I fully support the idea that the strongest should survive. I am also fully willing to admit that I may be one of those who die. For example, I am aware of my genetic predisposition to gout. Fortunately, my dad’s colorblind gene could not have been passed on to me however I did inherit his short stature. If short stature is selected against, I am certainly going to be one of the first to go. I am content with that. Despite these setbacks, I am also aware of my willingness to fight and learn and adapt and those may be the most valuable traits of all for humanity. However, if I am selected against, I would at least know that a stronger human race would result. It would be my contribution to humanity by not contributing.
What we are looking toward with excessive safety nets is a weak and diseased population. So what would I do with fifty billion dollars? I would provide the most broad support first.

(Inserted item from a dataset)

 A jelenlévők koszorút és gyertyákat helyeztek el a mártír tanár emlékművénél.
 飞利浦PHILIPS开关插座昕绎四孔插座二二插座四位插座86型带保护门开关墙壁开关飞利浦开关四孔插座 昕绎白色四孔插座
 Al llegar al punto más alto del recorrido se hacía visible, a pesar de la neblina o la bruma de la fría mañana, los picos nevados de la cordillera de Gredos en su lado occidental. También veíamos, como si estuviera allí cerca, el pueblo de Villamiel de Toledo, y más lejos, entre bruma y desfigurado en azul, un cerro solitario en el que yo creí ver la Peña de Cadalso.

I would fund education and fight for people to question and to learn for themselves rather than to simply believe. I would hope with this that it would provide the strongest foundation for a future of the smartest and strongest human race ever to have existed. I would additionally provide funds for the best and the brightest. I would fund the space elevator and other programs so man would have easier access to future colonization of other celestial bodies. With another portion, at the recommendation of a friend, I would rid the world of malaria. This brief extermination would allow hindered populations to progress. I would fund little to no research for preventable or genetic diseases such as the majority of obesity, type II diabetes, and hypertension or many cancers or AIDS. Instead medical research would be devoted to the study of genetics and uncontrollable, random disease.

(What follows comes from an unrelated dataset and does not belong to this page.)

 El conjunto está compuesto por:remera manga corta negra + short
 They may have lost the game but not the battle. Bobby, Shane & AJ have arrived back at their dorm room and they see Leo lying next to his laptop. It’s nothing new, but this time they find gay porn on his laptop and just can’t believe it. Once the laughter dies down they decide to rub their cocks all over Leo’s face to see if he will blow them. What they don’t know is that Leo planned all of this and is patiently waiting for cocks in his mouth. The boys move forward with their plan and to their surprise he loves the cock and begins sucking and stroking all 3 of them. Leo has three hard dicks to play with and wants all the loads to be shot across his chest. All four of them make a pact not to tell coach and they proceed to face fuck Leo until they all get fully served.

This all may seem very heartless but by the strictest definition of charity, “benevolent goodwill toward or love of humanity”, I do believe I would be doing the most charitable thing I could do with an absurd sum of money. All of this would be purely altruistic. If I were given all that money today, that is where it would go. But I am only twenty-two years old and I have only a fraction of a fraction of the wisdom of the world. That is why I am writing a post that could expose me as a crazy man. I want to know other people’s opinions, so please give me your input, whether you agree with me or think I am legitimately insane.